Proof. Take $(x, c) \in \epi (f\# g)$. It suffices to show that $(x, c) \in \epi f + \epi g$. If the infimal convolution $f\# g$ is exact, then for given $x$, there exists a $y^* = y^*(x)$ so that
\begin{align} (f \# g)(x) = f(y^*) + g(x-y^*), \end{align}
therefore,
\begin{align} {}&{}f(y^*) + g(x-y^*) \leq c \\ \Leftrightarrow{}&{}g(x-y^*) \leq c - f(y^*) \\ \Leftrightarrow{}&{} \left(x-y^*, c - f(y^*) \right) \in \epi g \end{align}
Then,
\begin{align} (x,c) = (y^*, f(y^*)) + \left(x-y^*, c - f(y^*) \right) \in \epi f + \epi g, \end{align}
which completes the proof. $\Box$
Proposition 3. If $f\# g$ is exact, then $(f\# g)(x) = \inf_{\lambda \in \mathbb{R}}\{(x, \lambda) \in \epi f + \epi g\}$.

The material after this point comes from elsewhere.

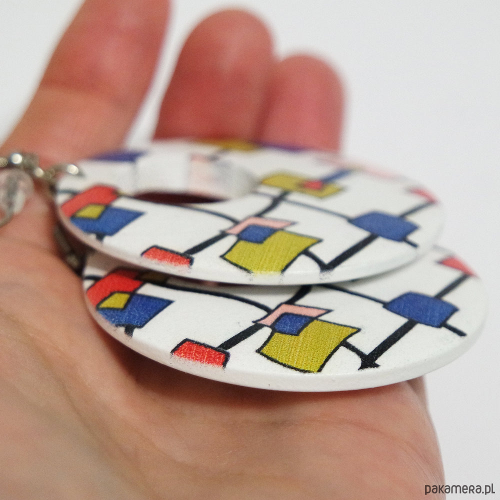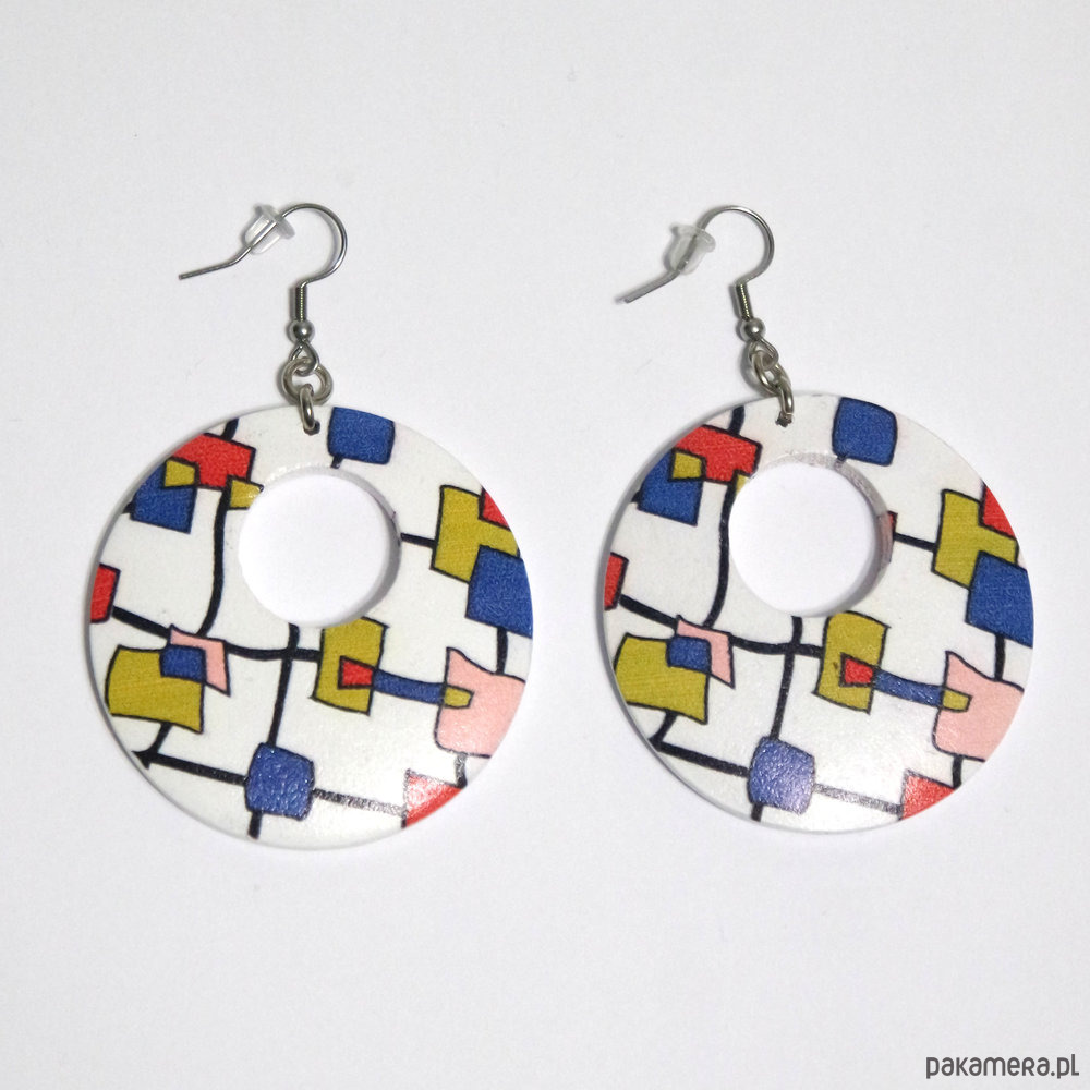 Średnica koła 5 cm, długość kolczyków ok.7,5 cm.

Proof. In general, for any function $F:\mathbb{R}^n \to \mathbb{R}$, it is
$$F(x) = \inf_{\lambda \in \mathbb{R}} \{F(x) \leq \lambda\} = \inf_{\lambda \in \mathbb{R}} \{(x, \lambda) \in \epi F\}.$$
This is known as epigraphical relaxation. For the infimal convolution we have
\begin{align} (f\# g)(x) {}={}& \inf_{\lambda \in \mathbb{R}} \{(x, \lambda) \in \epi (f\# g)\} \\ {}={}& \inf_{\lambda \in \mathbb{R}} \{(x, \lambda) \in \epi f + \epi g\}. \end{align}
Note: There are some conditions under which the infimal convolution is exact, for example if $f$ and $g$ are lsc and convex and $f$ satisfies $\lim_{t\to\infty} f(x)/\|x\| = \infty$, then $f\# g$ is exact.